Provided material:
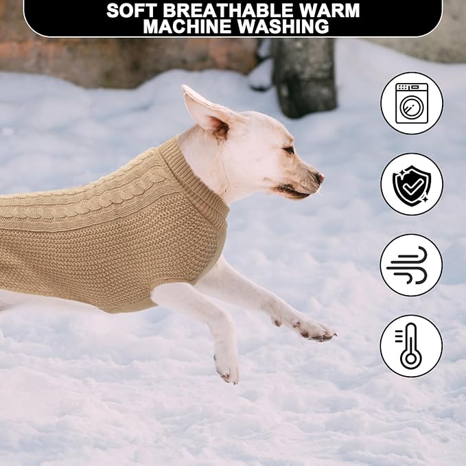 XXL Dog Sweater, Classic Cable Knit Warm Dog Sweatshirt with Reflective Yarn for Girl Boy, Halloween Fall Winter Coat Turtleneck Pullover Clothes Apparel for Small Medium Large Dogs, Khaki XXL
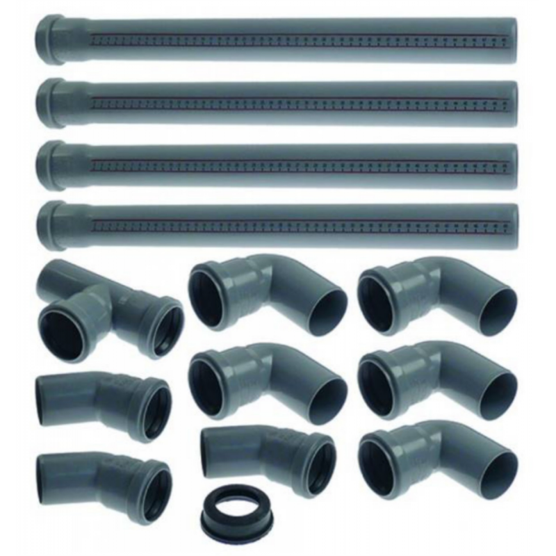 Le kit de vidange pour four professionnel comprend : un flexible coudé 3/4’’FF de 2500 mm de longueur, quatre tubes avec emboîture de ø50x500 mm, trois coudes à 45° avec joints, un manchon coulissant, un raccord en T de ø50 mm, un joint de ø60 mm extérieur et ø46/55 mm intérieur, ainsi que cinquante coudes à 90° MF.
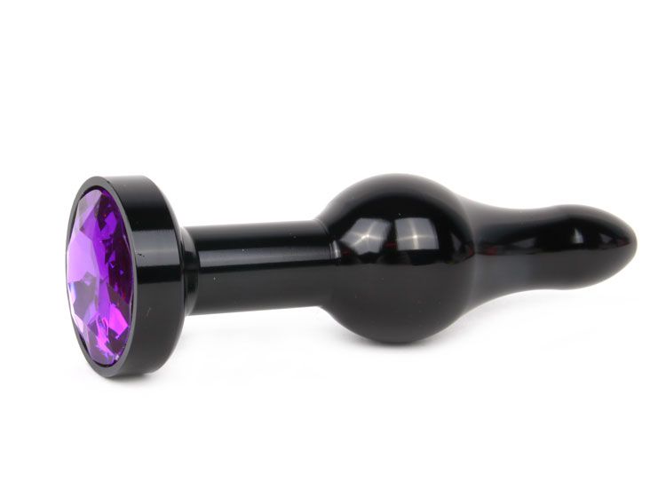 Удлиненная шарикообразная чёрная анальная втулка с кристаллом фиолетового цвета Anal Jewelry Plug ZBCK-04 (10,3 см)
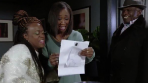 But when the results finally came though the door – viewers thought they were about to find out the truth at last… only for Kim’s daughter, Pearl, to hide the letter.

What the task requires:
Everything in the data except the pictures must be retyped exactly.

Exercise solution:
 XXL Dog Sweater, Classic Cable Knit Warm Dog Sweatshirt with Reflective Yarn for Girl Boy, Halloween Fall Winter Coat Turtleneck Pullover Clothes Apparel for Small Medium Large Dogs, Khaki XXL
 Le kit de vidange pour four professionnel comprend : un flexible coudé 3/4’’FF de 2500 mm de longueur, quatre tubes avec emboîture de ø50x500 mm, trois coudes à 45° avec joints, un manchon coulissant, un raccord en T de ø50 mm, un joint de ø60 mm extérieur et ø46/55 mm intérieur, ainsi que cinquante coudes à 90° MF.
 Удлиненная шарикообразная чёрная анальная втулка с кристаллом фиолетового цвета Anal Jewelry Plug ZBCK-04 (10,3 см)
 But when the results finally came though the door – viewers thought they were about to find out the truth at last… only for Kim’s daughter, Pearl, to hide the letter.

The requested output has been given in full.